The recommendation for today’s cook came to us from an authoritative source, Charleston’s own Nathalie Dupree. Nathalie’s kitchen is foremost a classroom, as she has mentored dozens if not hundreds of interns over the years. A delightful part of that experience is becoming an inductee into the “club” of Nathalie’s “chickens,” which really is an honor with a smile on its face.
Name: Daniel M. McKnight
Family: Mark McKnight, father; June McKnight, mother; Drew McKnight, sister; Gus McKnight, brother; Stewart McKnight, brother; Tucker, dog.
Q. With your interest in food and cooking, what would be your dream job?
A. A dream job actually working in food and food prep every day, for me, would probably be as a private chef or as a caterer. Kitchens are hectic enough places, even before orders come flying in, and I don’t perform well in those high-stress types of environments ... Realistically, I would like to work in food history, maybe as a writer.
I like to pick up secondhand cookbooks at thrift stores and whatnot in hopes that some previous owner has taken some sort of interest in it and maybe, hopefully, has added his/her own spin to a number of recipes; I like to then try the original recipe and their altered one to get a sense of what caused this change to be made and its effectiveness within the dish.
I also enjoy learning about food origins, so food historian is something that’s right up my alley.
Q. You had a five-month internship with Nathalie Dupree. What is the single most valuable thing you learned from her?
A. After all of our conversations about types of flour, growing seasons, cooking times and presentation, the single most important piece of advice I ever received from Nathalie was that when it comes to hosting a dinner party — for any occasion — that the gathering of people to enjoy themselves and each other’s company is what matters most. Basically, don’t sweat the small stuff and enjoy yourself, everyone else is enjoying just being there.
Q. Who or what in the past inspired you to want to cook? And what is the pleasure of cooking for you?
A. As a child, I was always watching what my mom was preparing in the kitchen, I even got in the way on my favorite breakfast days, blueberry muffins. So I guess I’ve always had a natural interest in food and food prep, but it wasn’t until my high school days that I really began to explore cuisine.
I was living with my father at the time and we were going out to eat a lot as he was single and never could cook much of anything except homemade French fries, which are very good.
Eventually, I got fed up with endlessly eating out at the same restaurants every week as my brother was quite the picky eater, so I began to cook from home. I started with things I knew the family liked, and expanded out from there.
Q. Your favorite celebrity chef, and why?
A. My favorite celebrity chef(s), after Nathalie Dupree, of course, would have to be the stars of the 1990s BBC series, “Two Fat Ladies,” Clarissa Wright and Jennifer Paterson.
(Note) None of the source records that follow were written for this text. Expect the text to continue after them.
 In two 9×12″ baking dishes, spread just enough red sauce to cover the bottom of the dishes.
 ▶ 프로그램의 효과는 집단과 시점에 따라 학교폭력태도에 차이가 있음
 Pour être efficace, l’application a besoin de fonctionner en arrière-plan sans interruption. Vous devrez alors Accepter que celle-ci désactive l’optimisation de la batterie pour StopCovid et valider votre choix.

They are my earliest food personality memory, and I found them to be extremely fascinating, from their old motorcycle and sidecar intro to their ridiculous, indiscernible bickering as they filmed. They just made cooking look like fun.
Q. To date, what is a dish or dessert that you have made or created that you were most proud of? What were its challenges?
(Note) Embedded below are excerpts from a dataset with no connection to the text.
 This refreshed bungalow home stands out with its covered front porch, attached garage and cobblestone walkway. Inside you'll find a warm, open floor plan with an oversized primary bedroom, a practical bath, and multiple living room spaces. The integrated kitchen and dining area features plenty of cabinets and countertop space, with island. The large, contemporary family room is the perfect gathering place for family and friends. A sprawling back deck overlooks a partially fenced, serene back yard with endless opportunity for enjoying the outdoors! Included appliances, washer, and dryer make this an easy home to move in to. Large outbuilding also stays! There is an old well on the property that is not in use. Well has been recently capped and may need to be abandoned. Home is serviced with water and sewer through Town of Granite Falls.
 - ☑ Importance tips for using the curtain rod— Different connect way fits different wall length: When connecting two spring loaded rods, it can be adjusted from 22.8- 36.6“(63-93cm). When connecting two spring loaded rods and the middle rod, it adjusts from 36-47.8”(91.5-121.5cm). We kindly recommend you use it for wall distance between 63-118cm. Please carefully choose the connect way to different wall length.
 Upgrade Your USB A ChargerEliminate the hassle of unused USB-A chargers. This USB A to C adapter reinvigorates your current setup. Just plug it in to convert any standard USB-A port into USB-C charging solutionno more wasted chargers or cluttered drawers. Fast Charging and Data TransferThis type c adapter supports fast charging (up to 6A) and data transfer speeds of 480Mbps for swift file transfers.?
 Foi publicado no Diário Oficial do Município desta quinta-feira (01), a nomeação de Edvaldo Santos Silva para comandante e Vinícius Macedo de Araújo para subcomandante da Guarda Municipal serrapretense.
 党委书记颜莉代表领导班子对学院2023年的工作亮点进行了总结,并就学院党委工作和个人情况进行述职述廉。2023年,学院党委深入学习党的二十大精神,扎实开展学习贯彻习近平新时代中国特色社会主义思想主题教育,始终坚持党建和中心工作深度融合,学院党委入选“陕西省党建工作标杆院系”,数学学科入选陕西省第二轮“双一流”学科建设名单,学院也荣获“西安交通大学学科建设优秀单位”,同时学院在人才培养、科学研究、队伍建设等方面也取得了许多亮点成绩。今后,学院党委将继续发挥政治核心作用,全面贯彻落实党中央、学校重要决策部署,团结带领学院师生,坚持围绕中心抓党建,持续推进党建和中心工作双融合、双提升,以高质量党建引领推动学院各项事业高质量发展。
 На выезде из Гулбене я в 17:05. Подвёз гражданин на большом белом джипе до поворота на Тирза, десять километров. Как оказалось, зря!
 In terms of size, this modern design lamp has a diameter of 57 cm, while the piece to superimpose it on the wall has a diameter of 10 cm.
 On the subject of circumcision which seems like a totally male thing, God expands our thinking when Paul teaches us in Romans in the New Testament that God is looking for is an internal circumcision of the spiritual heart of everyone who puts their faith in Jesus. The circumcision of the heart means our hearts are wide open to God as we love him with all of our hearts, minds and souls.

A. Caramel Sauce. It was through this dish that I learned cooking is as much about sound as it is smell, sight or taste. First off, who doesn’t love a good caramel or caramel sauce? It is a universal dessert topping. While you are making caramel, however, you cannot just trust how it looks or smells, but you will know it’s close to done by its sounds. Caramel may seem simple enough, but like many dishes, it only takes a fraction of a second of overcooking to ruin the whole thing.
Listening to bubbles as they begin to reduce in size but increase in number is important. That means you have reached the soft-crack stage and are seconds away from a perfect caramel, and a minute away from burnt garbage.
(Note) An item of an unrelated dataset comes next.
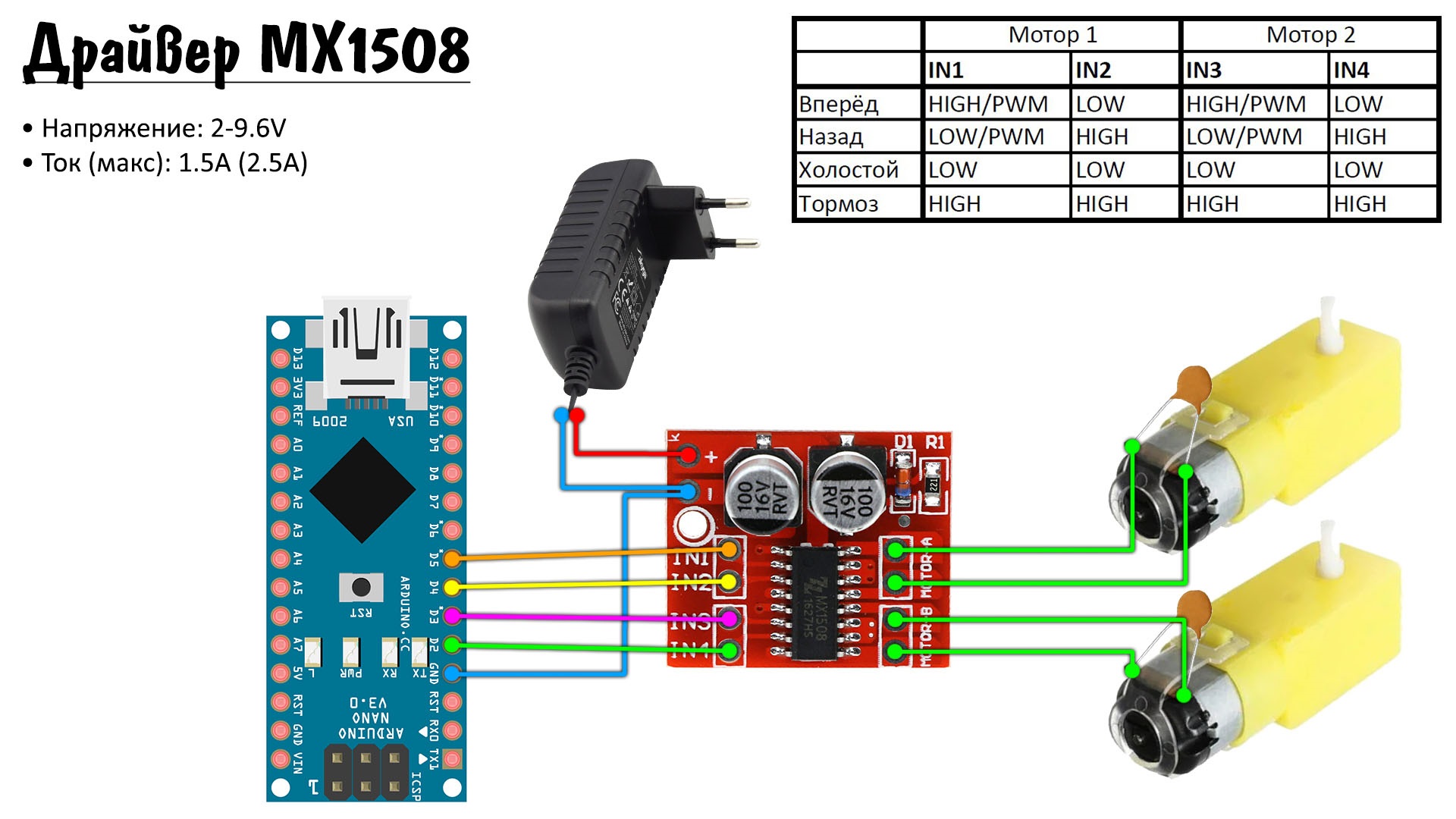 - подключение двух двигателей постоянного тока или одного шагового двигателя;

The thing about a “burnt” caramel is that it won’t necessarily look burnt ...”
Q. The knife you like best and why.
A. My favorite knife is my Cutco brand paring knife. The beauty of the paring knife is that it is the smaller version of a regular “chef’s knife,” meaning it is easier to control and feasible for a multitude of tasks big or small.
From “Charleston Receipts Repeats”
“A beautiful first course”
Cooks: 25 minutes
Chill: 2 hours to overnight
1 1/2 cups water
3/4 cup light red wine
1/2 cup sugar
2 generous tablespoons of lemon juice
1 quart of strawberries, hulled and pureed
1/2 cup heavy cream, whipped
1/4 cup sour cream or plain greek yogurt
Blueberries, for garnish
Fresh mint, for garnish
Combine water, wine, sugar and lemon juice. Boil 15 minutes, stirring occasionally. Add strawberries, boiling 10 minutes more, stirring frequently. Cool to lukewarm. Combine whipped cream with sour cream or yogurt and fold into strawberry mixture. Chill well.